The Ontario Securities Commission has published its statement of priorities for the current fiscal year, highlighting its response to the financial crisis through a renewed focus on investor protection, macroprudential risks, evolving markets, and compliance.

In the statement, the OSC observes that, “Recent market events highlight the potential adverse outcomes that can result from regulatory coverage focused on specific industry segments or entities rather than financial markets as a whole.” It notes that fragmented regulation fails to recognize the interconnectedness of financial markets.
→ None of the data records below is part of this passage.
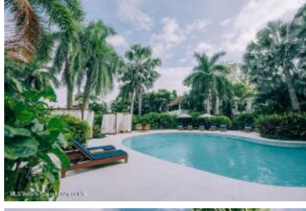
M.S. Valdez Negocios Compañia
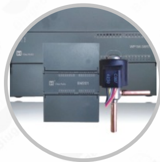
自主设计的控制系统
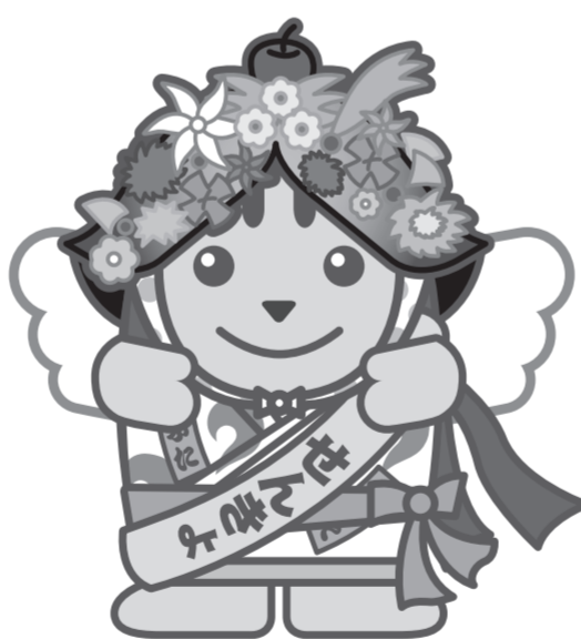
ねふたハネトめいすいくん

In response, it says, “We need to examine opportunities to better align our disclosure regime and compliance and enforcement approaches internally, in concert with recognized self-regulatory organizations and other entities, as well as more broadly to improve the ability of the regulatory system to recognize and address risks that emerge as a consequence of the convergence of financial markets and products.”
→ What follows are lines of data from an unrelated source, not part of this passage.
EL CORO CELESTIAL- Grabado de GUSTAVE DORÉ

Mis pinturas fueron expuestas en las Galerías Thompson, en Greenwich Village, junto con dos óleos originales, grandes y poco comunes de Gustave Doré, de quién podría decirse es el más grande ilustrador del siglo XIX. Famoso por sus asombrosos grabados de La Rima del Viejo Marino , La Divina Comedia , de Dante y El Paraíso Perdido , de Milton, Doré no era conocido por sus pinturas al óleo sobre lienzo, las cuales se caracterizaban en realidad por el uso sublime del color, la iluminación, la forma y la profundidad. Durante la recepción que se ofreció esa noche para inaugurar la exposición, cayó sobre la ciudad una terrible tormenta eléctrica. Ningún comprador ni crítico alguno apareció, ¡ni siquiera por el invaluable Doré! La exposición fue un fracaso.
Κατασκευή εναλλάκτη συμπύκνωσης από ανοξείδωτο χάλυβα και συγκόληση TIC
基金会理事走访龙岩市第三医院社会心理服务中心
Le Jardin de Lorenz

It also points to changing markets, the evolution of innovative financial instruments, and the emergence of multiple marketplaces as notable issues for regulators. And, it suggests that the downturn has led to cost cutting by firms, including compliance and internal control systems.
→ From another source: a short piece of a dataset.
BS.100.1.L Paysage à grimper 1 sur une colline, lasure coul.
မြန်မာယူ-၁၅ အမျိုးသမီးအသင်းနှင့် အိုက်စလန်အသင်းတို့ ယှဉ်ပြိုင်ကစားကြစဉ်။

“As a result, we need to apply our own resources in the interests of investor protection. Increased reliance on risk assessment tools for allocating our resources most effectively will be part of the solution. We will continue to focus on things that really matter. At the same time we will continue to actively encourage market participants to be vigilant and proactive in preventing, detecting and correcting compliance issues as they have primary responsibility for compliance and control systems,” it says.

The commission also notes the importance of attracting investor input to its rulemaking efforts, noting that it will review its internal processes “for adequately addressing investor concerns during the development of securities regulation”.

Among the specific initiatives it has planned for the coming year, the OSC says that it will:

> finalize registration reform;

> continue to address issues related to asset backed commercial paper and the proposed regulatory regime for credit rating agencies;

> complete consultations with the industry with respect to implementing a trade-through rule;

> establish an Investor Secretariat to address retail investor issues, modernize investment fund rules; and

> publish rules for point-of-sale disclosure for mutual funds and segregated funds, among other things.

Additionally, the commission notes that due to current market conditions it decided to maintain regulatory fees at current rates for one year, which will likely leave it with a $22 million shortfall over the next fiscal year (to be offset by its existing surplus). “Over the next year, the OSC will further review issues related to the fee model so we can return to fully recovering our costs in ways that remain fair and transparent to market participants,” it says.

“Downturns have historically exposed questionable practices and occur often at times when investors can be most vulnerable. Potential poor financial health of issuers and registrants pose major, if unquantifiable, compliance and enforcement risks,” it adds. “In developing our 2009-2010 budget the commission has carefully balanced the need for cost restraint in these challenging times with its duty to take appropriate steps as necessary to pursue its mandate of providing protection to investors and fostering fair and efficient capital markets.”

Comments on the final statement of priorities are due by June 1.